With respect to the second stated issue on appeal, the trial court allowed introduction of the letters written by appellant to witness Gloria Mae Murray to corroborate the testimony of Gloria Murray as to the closeness and character of the relationship between appellant and Murray, and to explain , why appellant would have confided in her concerning the crime. Appellant did not testify at trial and her character was not at issue. Section 90.404, Florida Statutes, provides that “evidence of a person’s character or a trait of his character is inadmissible to prove that he acted in conformity with it on a particular occasion, except: ... evidence of a pertinent trait of his character offered by an accused, or by the prosecution to rebut the trait.”

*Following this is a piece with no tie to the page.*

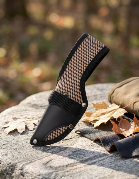 Don't let ordinary tools limit you. The Third H0402BW hunting knife is the vehicle of your change, an extension of your will, designed to provide you the control and precision you deserve. From the robust and practical shape of its 8 cm blade to the perfect weight of 176 grams that balances with your strength, this knife not only cuts but also affirms your character. Every detail, from the high-density nylon and leather sheath to the delicate grain of the pakkawood, is crafted to make you feel like you have the best ally in any situation, ready to accompany you in conquering your day.

Gloria Murray testified that she and appellant were cellmates and had developed a close friendship. She also testified as to why she was willing to testify in appellant’s case. The letters detailing appellant’s behavior would appear only marginally to have corroborated Gloria Murray’s testimony or to have further established the closeness and character of the relationship between the two. The letters do impact on appellant’s character, and do not appear to be relevant to any issues at trial. In Harmon v. State, 527 So.2d 182 (Fla. 1988), the court found that introduction of testimony by the defendant’s cellmate that the defendant had asked him to pick up some stolen diamonds, and sell them after the cellmate’s release from prison, was relevant to “demonstrate the trust relationship that had developed between Harmon and Shadle and to provide the context in which Harmon’s admission of the murder was made to Shadle and was therefore admissible.” Harmon at 186. The state-' ments made by appellant in her letters in this case provide far less an indication of a trusting relationship with Murray. We conclude they are not within the Harmon rationale and should have been excluded. Counsel for the state is to be commended for having effectively so conceded at oral argument before this court. Because we reverse for new trial on the ground first above discussed we need not consider whether harmless error doctrines should or should not apply with respect to the error in admitting the latter evidence.

Reversed.

ERVIN and ZEHMER, JJ., concur.

. Testimony of the interrogating officer was:

Q. And you heard the utterances that I am referring to when Connie talked to her father and her father advised her to continue talking?
A. Correct.
Q. And did you at any time when Connie made the statements ... did you advise, ask Connie if she wished to continue?
A. No, sir.
Q. You kept on taking the statement?